> [TASK STATEMENT]:
Using the data below, output a verbatim copy of the lines between the one holding "Mikado Milkschokolade, je" and the one holding "Passage d'homme = 1 place au cornadis", inclusive, without any pictures.

> [SUPPLIED RECORDS]:
----------------------------------------

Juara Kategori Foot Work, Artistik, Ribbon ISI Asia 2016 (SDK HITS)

----------------------------------------

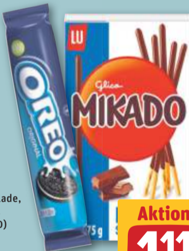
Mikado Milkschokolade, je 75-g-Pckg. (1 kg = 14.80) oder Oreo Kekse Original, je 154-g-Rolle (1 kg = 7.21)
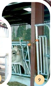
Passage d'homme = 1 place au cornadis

----------------------------------------

> [RESPONSE TO THE TASK]:
Mikado Milkschokolade, je 75-g-Pckg. (1 kg = 14.80) oder Oreo Kekse Original, je 154-g-Rolle (1 kg = 7.21)
Passage d'homme = 1 place au cornadis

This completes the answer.